Max Homa faces TPC Sawgrass tweaks as agronomy work intensifies

max homa arrives at TPC Sawgrass as The Players Championship setup tilts toward a tougher start: players have described “a bit more fire” in the greens and fairways, while the rough has been allowed to grow through the championship after a final mow on Sunday. The combination concentrates pressure on accuracy and reshapes the calculus on pivotal holes, especially the short par-4 12th.

Lucas Andrews’ TPC Sawgrass setup

Course preparation is being led by Lucas Andrews, who took over as director of agronomy last fall after 17 years on staff at TPC Sawgrass. Andrews described the approach as consistent with annual targets rather than a new mandate to “challenge the pros, ” pointing instead to Northeast Florida weather as the catalyst that allowed the team to reach its preferred championship position.
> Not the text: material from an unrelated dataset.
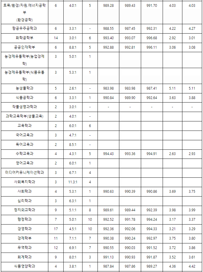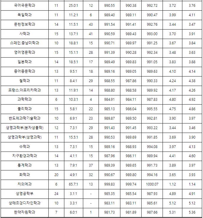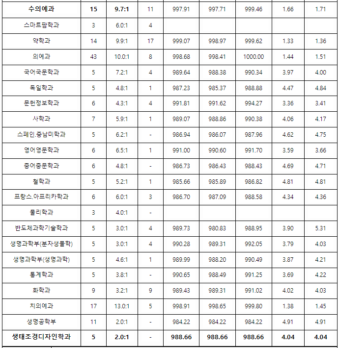 학생부종합전형 결과입니다. 국어국문 3.93, 사학 3.53, 심리 3.32, 행정 3.29, 정치외교 3.33, 경제 3.62, 화학 3.20, 생물 3.19, 생화학 2.92, 경영 3.35, 화학공학 3.04, 전자공학 3.59, 컴퓨터공학 3.02, 식품생명공학 3.77, 교육 2.79, 영어교육 2.51, 생물교육 2.73, 수의예 1.40, 의예 1.08, 간호 2.39입니다.

That weather window has translated into two concrete playing characteristics noted by players in the days leading up to the tournament: firmer turf and thicker rough. Scottie Scheffler said Tuesday that the greens are “a little bit firmer than they have been the last couple years, ” adding that they were “definitely firm to start the week, ” while also flagging that the forecast could still influence how conditions evolve.

The pattern suggests the early-week setup is designed to reward clean positioning rather than brute recovery, because firmness tends to narrow the margin between a controlled shot and a ball that runs into trouble. Andrews’ decision to mow the rough one last time on Sunday and then let it grow through the championship underscores that emphasis on precision, especially when paired with turf that releases more than it has in recent years.

Justin Rose on thicker rough

Players have already felt the practical impact of the rough increase at ground level, with balls “disappearing in multiple areas. ” Justin Rose said he had heard the rough was “4 1/2 inches, ” framing it as a conscious choice to go “a tiny bit longer” this year. Rose tied the change directly to strategy: the course remains “first and foremost” about getting the ball in the fairway, but the longer rough can raise the penalty when that first job is missed.

For max homa and the rest of the field, that framing matters because it points to a subtle but significant shift: strategy may not change on paper, but outcomes can. The figures point to a more binary week—either play from the fairway with options into firm greens, or accept that thicker rough can remove spin, control, and confidence even before a player reaches the putting surface.

Yet Andrews’ comments also indicate the setup is not a one-note attempt to punish. His description of targeting “championship-caliber” conditions every year suggests the current playing bite is as much the product of timing and weather cooperation as it is an intentional escalation. That distinction is important for understanding the next variable: how quickly conditions could pivot if the forecasted cooler weather and rain arrive.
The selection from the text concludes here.